Rekomendasi

Periksa 20 Orang, Polisi Panggil Menteri Agraria, Telusuri Apakah Ada Korupsi di Proyek Reklamasi

Senin, 29 Januari 2018 : 23.21
JAKARTA - Direktorat Reserse Kriminal Khusus (Ditkrimsus) Polda Metro Jaya periksa sejumlah pejabat DKI Jakarta termasuk Menteri Agraria dan Tata Ruang, Sofyan Djalil.

Pemeriksaan itu dilakukan untuk mengetahui apakah sang menteri terlibat dalam dugaan korupsi dalam mega proyek reklamasi teluk Jakarta. Sofyan diperiksa dalam kapasitas sebagai saksi. Namun, ia tidak hadir karena tengah cuti kerja.

Direktur Reserse Kriminal Khusus Polda Metro Jaya Kombes Adi Deriyan mengatakan, pihaknya memanggil Sofyan lantaran ingin menggali keterangan soal reklamasi karena dirinya diduga mengetahui asal muasal proyek tersebut.

“Kita kan pengen tahu ada kesalahan atau tidak (reklamasi). Kami ingin langsung kepada beliau. Nanti beliau jelaskan berkaitan dengan sejarah-sejarah yang ada. Kalau beliau banyak menjelaskan mengenai berkaitan dengan kronologis peristiwa dan siapa saja orang orang yang ikut andil di dalam proses misalnya pemeriksaan, pengukuran tanah dan lain-lain. Nanti kalau nama-nama itu muncul kita akan panggil,” kata Adi di Mapolda Metro Jaya, Senin (29/1/2018).

Menurut Adi, sebanyak lebih dari 20 orang telah dimintai keterangan. Dalam tahap ini penyidik masih mengumpulkan keterangan dari semua pihak yang ikut terlibat atau mengetahui asal muasal reklamasi.

“Pemda sudah kita ambil keterangannya beberapa orang. Kita ingin mengetahui secara formil semua landasan pembangunan reklamasi. Otamatis kita menggali semua keterangan tersebut,” tutur Adi.

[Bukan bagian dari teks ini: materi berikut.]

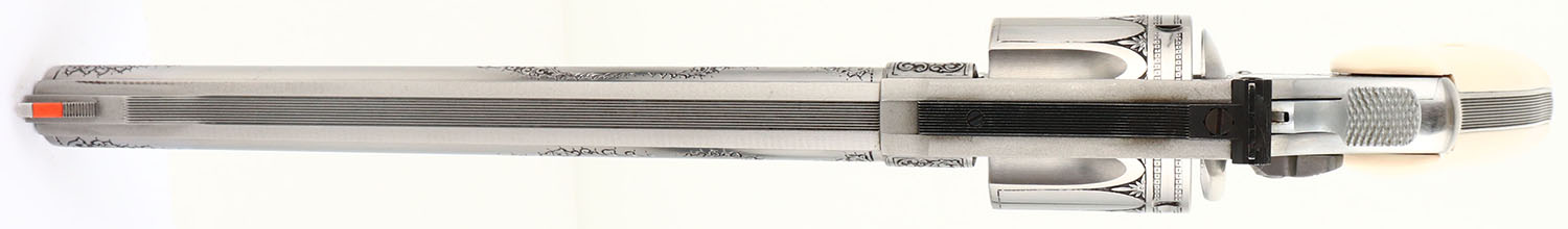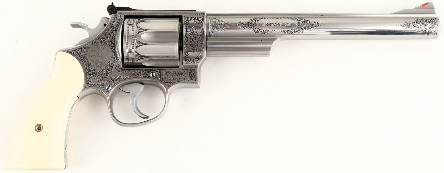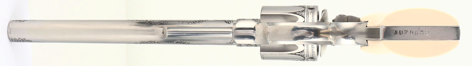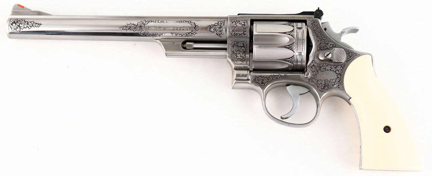 CASED, Smith & Wesson, Model 629-1, CAL: 44 MAG, MFG: 1982, SN: AUZ9682, Double Action Revolver, 8 1/2'' barrel. This revolver has been tastefully & intricately engraved in a floral & scroll pattern by John M. Morgan of Arco, ID. The simulated ivory grips are excellent. The polished stainless steel finish is excellent, with visible thin brush lines. Bore is excellent & bright with crisp rifling. Adjustable rear sight & ramp elevated blade front sight with orange insert. Comes in a hand crafted oak case, with blue cloth interior & the S&W logo on the lid. Included in the case are cleaning tools & (28) fired brass shells in a wood ammo block. An excellent example of an engraved S&W revolver. FFL Req. - Value: 2000 to 4000
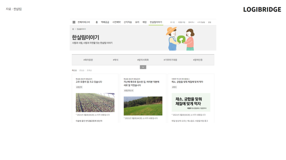 또 하나 재밌는 점은 한살림 온라인몰은 무신사의 매거진과 유사한 형태로, 판매 이외에 '요리' '소식지' 등의 카테고리를 통해 소비자와 생산자가 함께 호흡하는 소통의 창구가 있다는 점입니다.
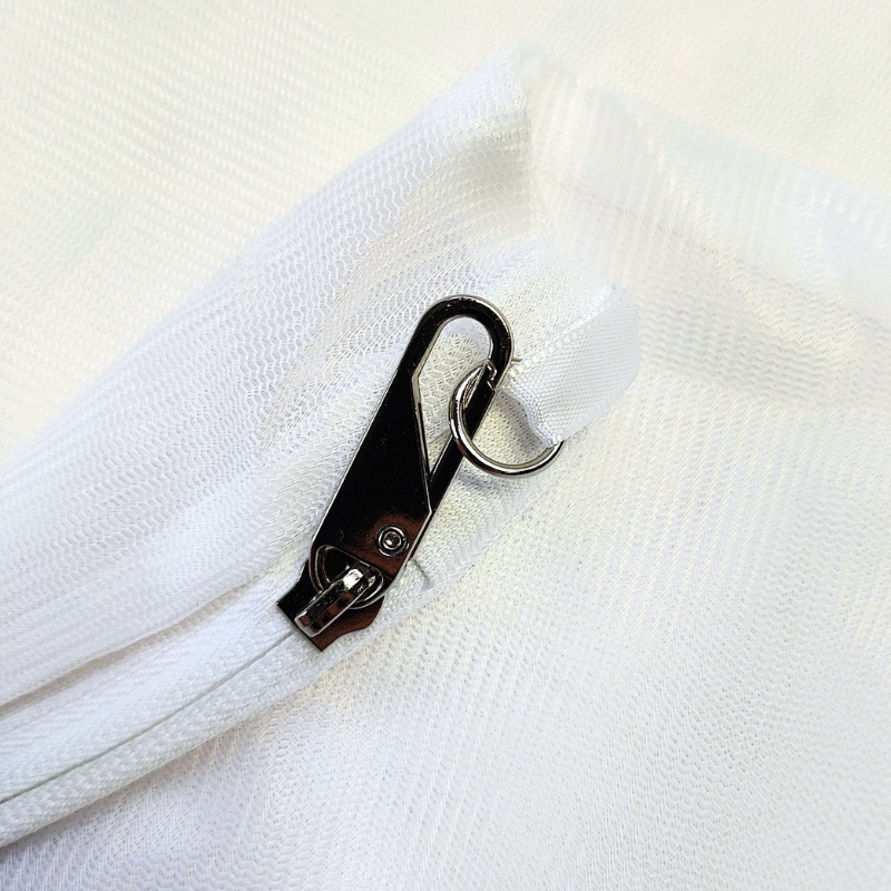 Det beskytter både tekstiler og vaskemaskinens indre mod slid, sammenfiltring og skader. Den robuste lynlås er udstyret med en beskyttelsesflap, som sikrer, at lynlåsen ikke rives op under vask eller skader andet vasketøj.
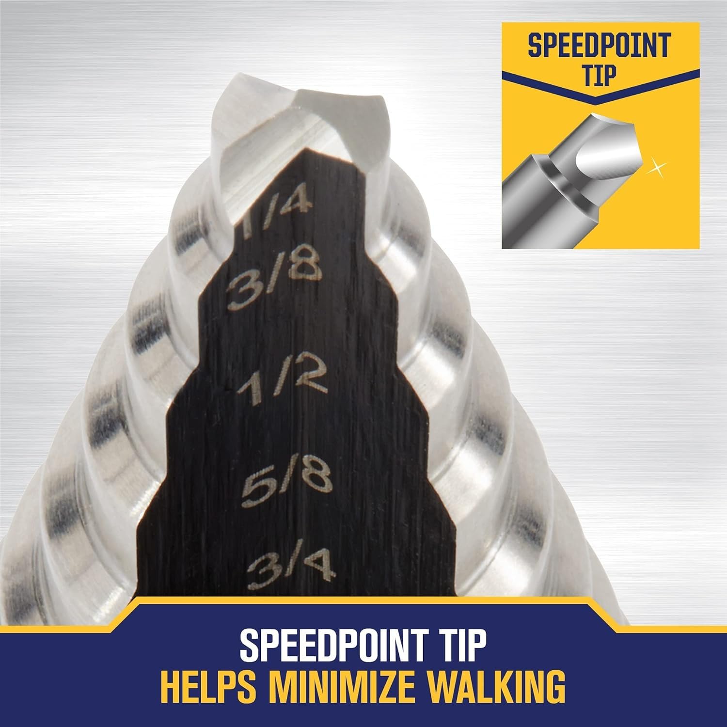 Broca escalonada para chapa metálica ofrece 10 tamaños de agujeros diferentes en una sola broca, de 1/4″ a 1-3/8″ en incrementos de 1/8″. Ideal para perforar agujeros redondos verdaderos con acabado suave y limpio en una variedad de materiales como chapa, aluminio, fibra de vidrio, plásticos, plexiglás y madera. La punta SpeedPoint penetra rápidamente, evita «caminar» y elimina la necesidad de un agujero piloto/arranque. El vástago hexagonal de 1/2 pulgada proporciona un agarre seguro en el portabrocas Los tamaños permanentes grabados con láser dentro de la flauta son fáciles de leer para un control preciso durante el proceso de ampliación del agujero.
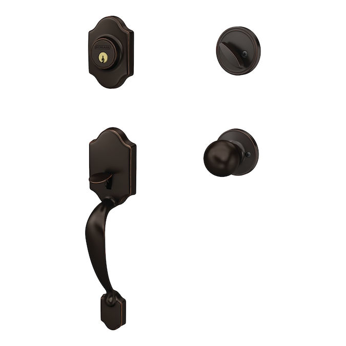 - FUNCTION: Handleset includes deadbolt with keyed outside/thumb turn inside, a front entry handleset grip with non-locking interior knob, and 2 keys
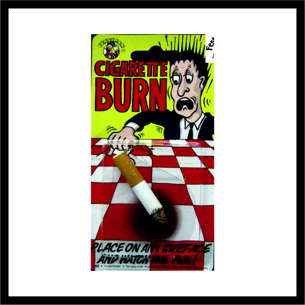 Τι;! Κάψιμο από τσιγάρο?!?! Όχι, απλά μια ακίνδυνη φάρσα. Αλλά φαίνεται τόσο αληθινό. Μοιάζει ακόμα και να καίει -- το μόνο που λείπει είναι ο καπνός. Η φάρσα λειτουργεί εξαιρετικά στους καπνιστές!

Untuk mengungkap adanya dugaan korupsi dalam mega proyek reklamasi tersebut penyidik akan lebih fokus pada hak pengelolaan (HPL) dan hak guna bangunan (HGB).

Kasus ini mencuat sejak terjadinya polemik tentang mega proyek reklamasi ditengah masyarakat. Atas dasar hal itu sejak September 2017 lalu polisi melakukan penyelidikan dengan mengumpulkan bukti-bukti termasuk meminta data dari Kementerian Kelautan dan Perikanan (KKP), Kementerian Lingkungan Hidup dan Kehutanan, dan Kementerian Koordinator Kemaritiman.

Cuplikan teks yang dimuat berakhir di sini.